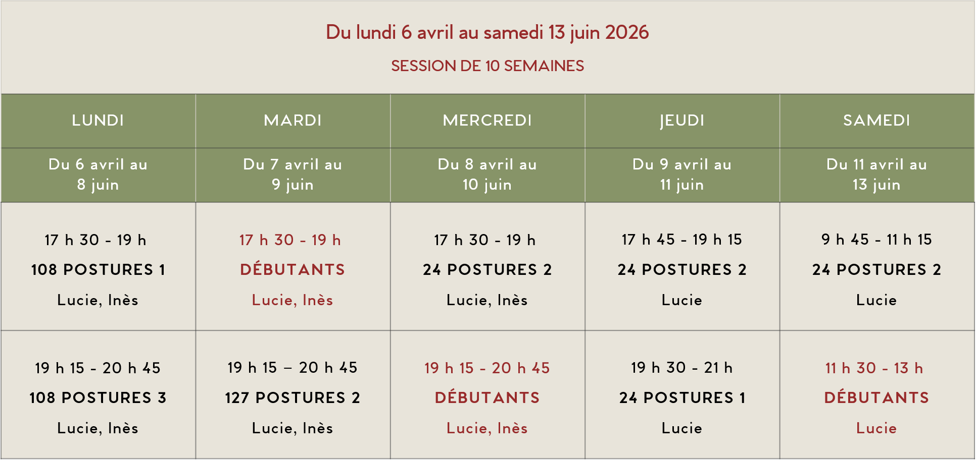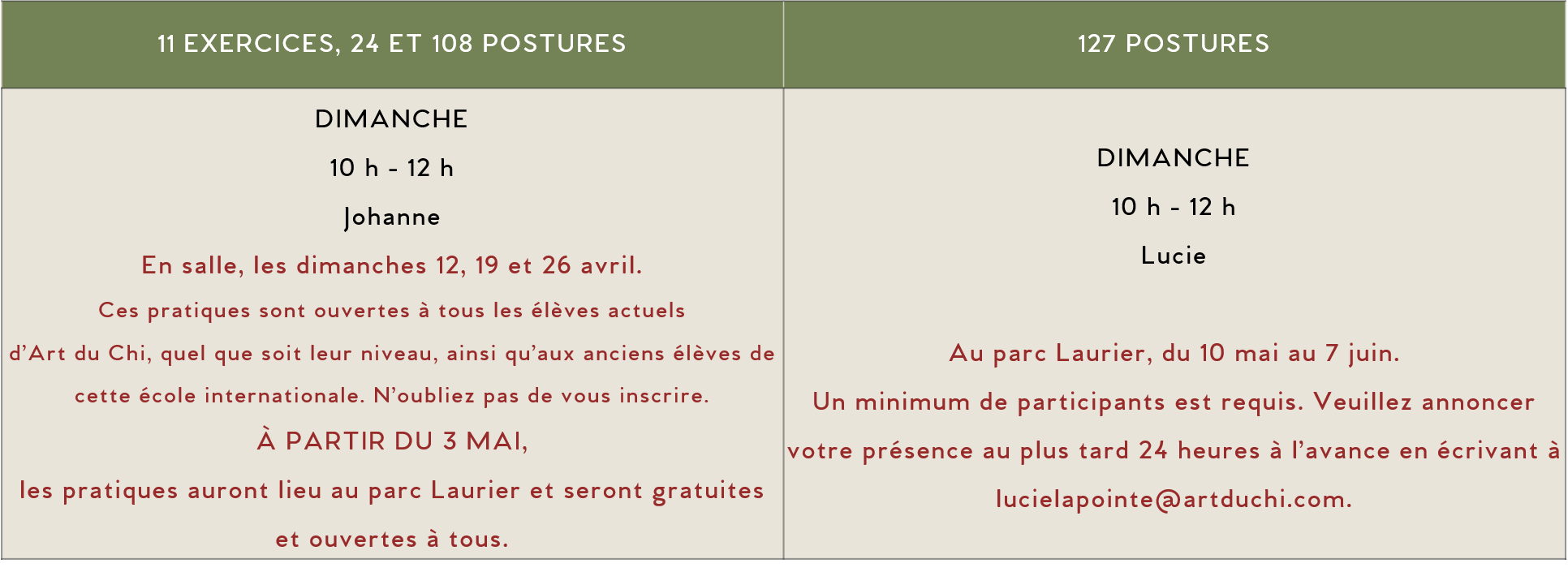 11 exercices, 24 et 108 postures (12, 19, 26 avril)
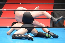 ロックアップ、藤原ロープに押し込む(右写真)、
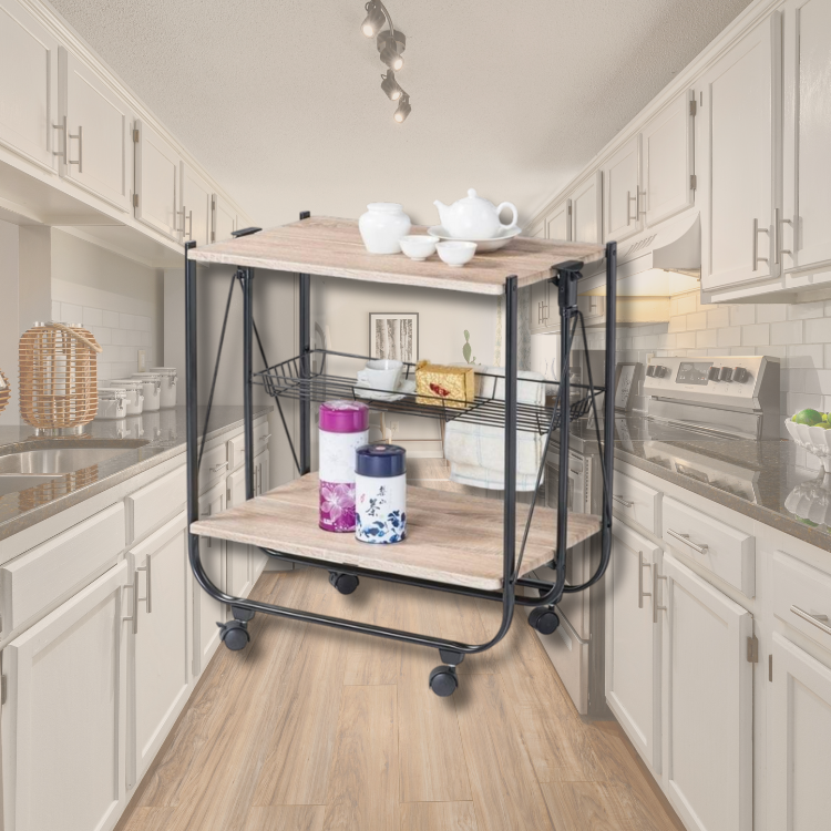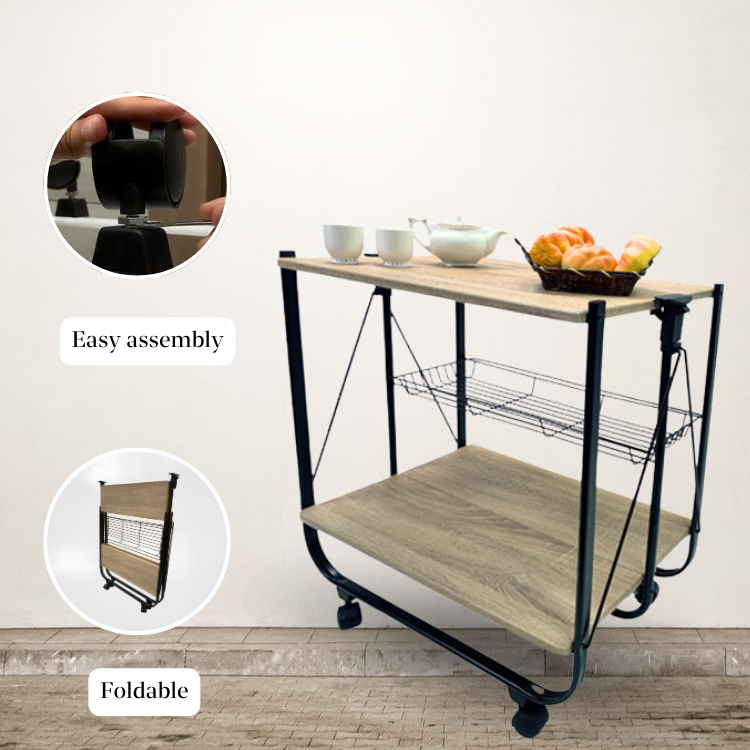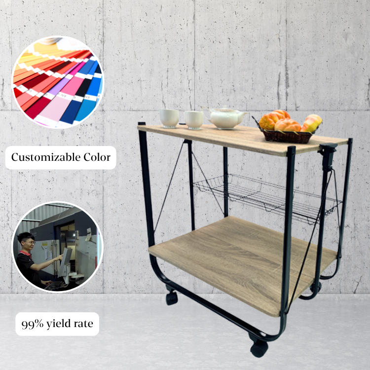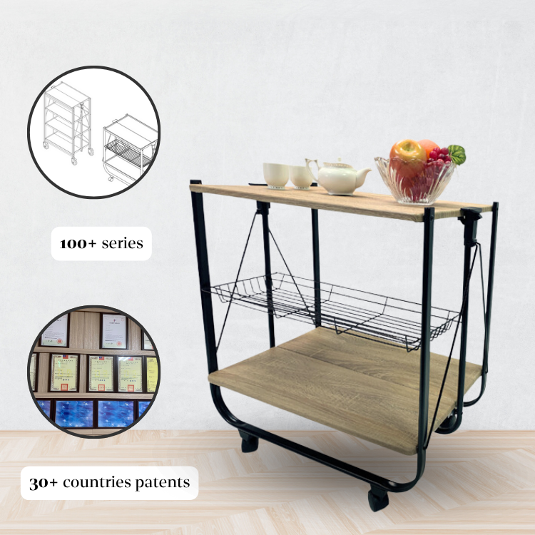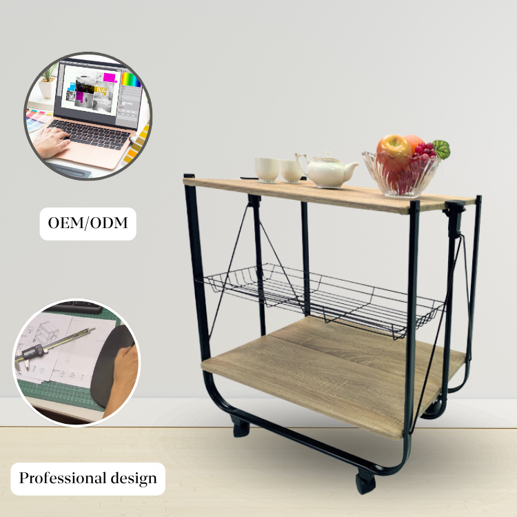 Easy assemble double layer wooden board trolley cart for kitchen

Your goal:
The response should be the full material, repeated exactly, with images removed.

Output for this exercise:
 11 exercices, 24 et 108 postures (12, 19, 26 avril)
 ロックアップ、藤原ロープに押し込む(右写真)、
 Easy assemble double layer wooden board trolley cart for kitchen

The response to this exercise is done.